Wall Street, Asian stocks jump as slowing US inflation dampens Fed rate hike bets; Treasury yields fall

Stocks extended their rally on Thursday following weaker-than-expected U.S. inflation data, fueling speculation that the Federal Reserve may adopt a slower pace of interest rate hikes. Equities rose around 1% in Australia and South Korea, while Hong Kong futures rose by a similar amount. US and European contracts were in the green after the S&P 500 hit a three-month high and the tech-heavy Nasdaq 100 pulled 20% above a June low. The dollar suffered losses on the back of optimism in the US session, which saw the greenback’s gauge pull back the most since the start of the pandemic.

Short-term Treasury yields fell on Wednesday as investors lowered their expectations of how aggressively the Fed will need to tighten monetary policy. There is no cash treasury bill trading in Asia on Thursday due to a public holiday in Japan. Crude oil held most of a jump above $91 a barrel, while Bitcoin rose above $24,000 in a sign of better market sentiment.

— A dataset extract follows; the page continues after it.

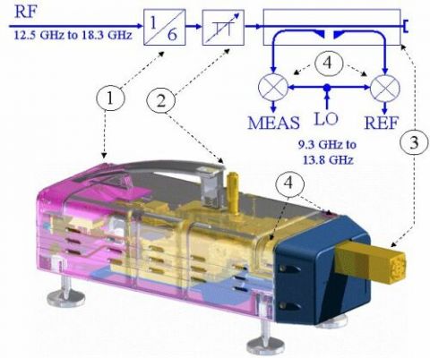 圖1顯示了R&S ZVA-Z110內(nèi)部的CAD結(jié)構(gòu)圖和原理框圖該變頻模塊包含用作隔離參考和測量信號的通道源倍頻器、可調(diào)節(jié)波導(dǎo)衰減器、定向耦合器這些參考和測量通道通過諧波混頻器進(jìn)行下變頻
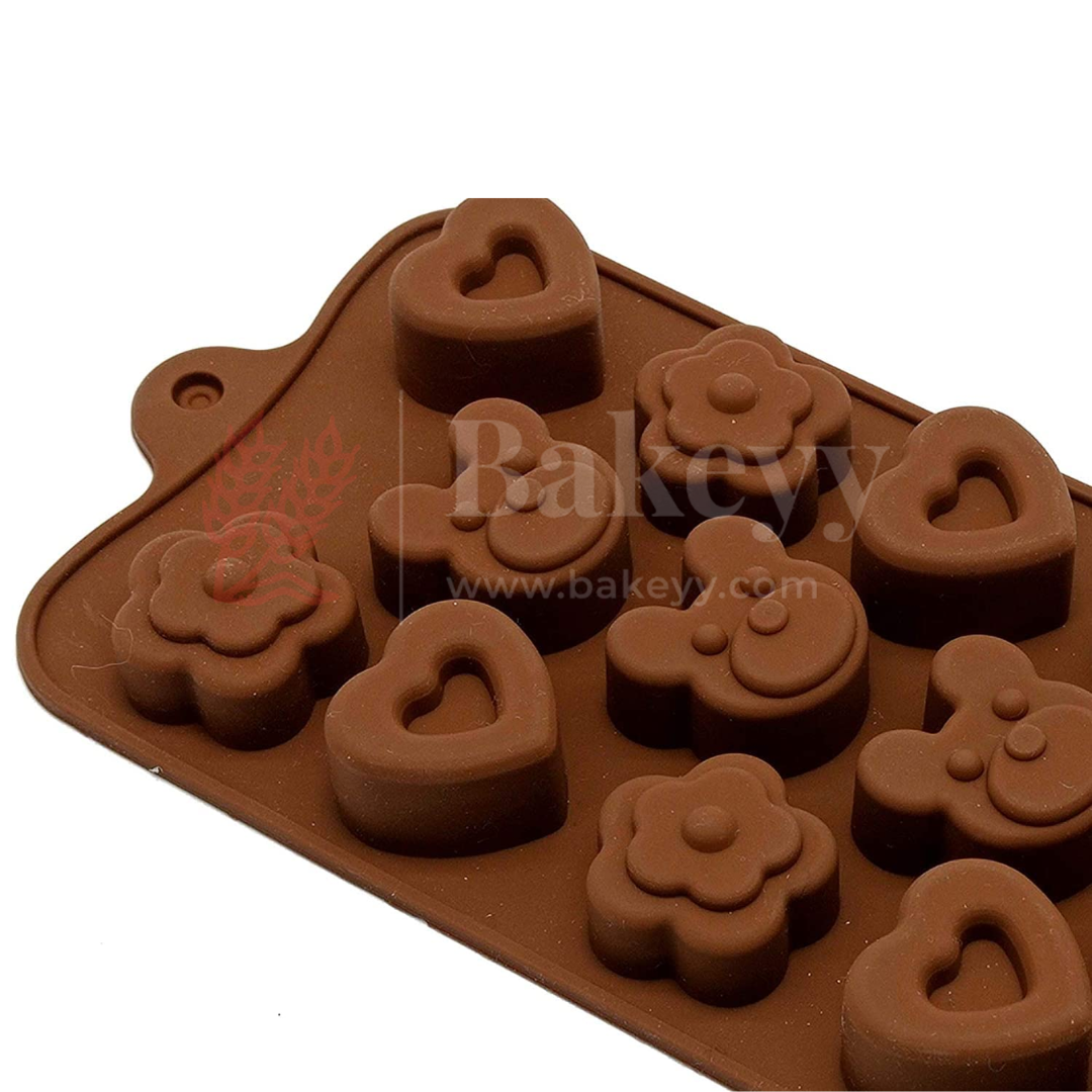 14-Cavity | Multi-Shape Silicone Chocolate Mould | Heart, Flower & Bear Designs | Non-Stick Baking & Candy Making Tray | 1 Piece

Also Read: US Inflation Drops More Than Expected in July to 8.5% as Gasoline Gets Cheaper, Eases Pressure on Fed

Headline inflation in the United States was 8.5% in July, down from 9.1% in June, the largest increase in four decades. It’s still high and Fed officials were quick to point out that more rate hikes are coming. They also signaled that investors should rethink expectations for cuts next year to support economic growth. The question is whether the rebound in global equities and other riskier investments from this year’s rout can continue in this environment.

“We still need to see a few more monthly declines in underlying inflation before the FOMC can start thinking about pausing its tightening cycle,” Carol Kong, strategist at Commonwealth Bank of Australia Ltd., told Bloomberg Television. . “The market is still currently underestimating US inflation and its medium-term stickiness.”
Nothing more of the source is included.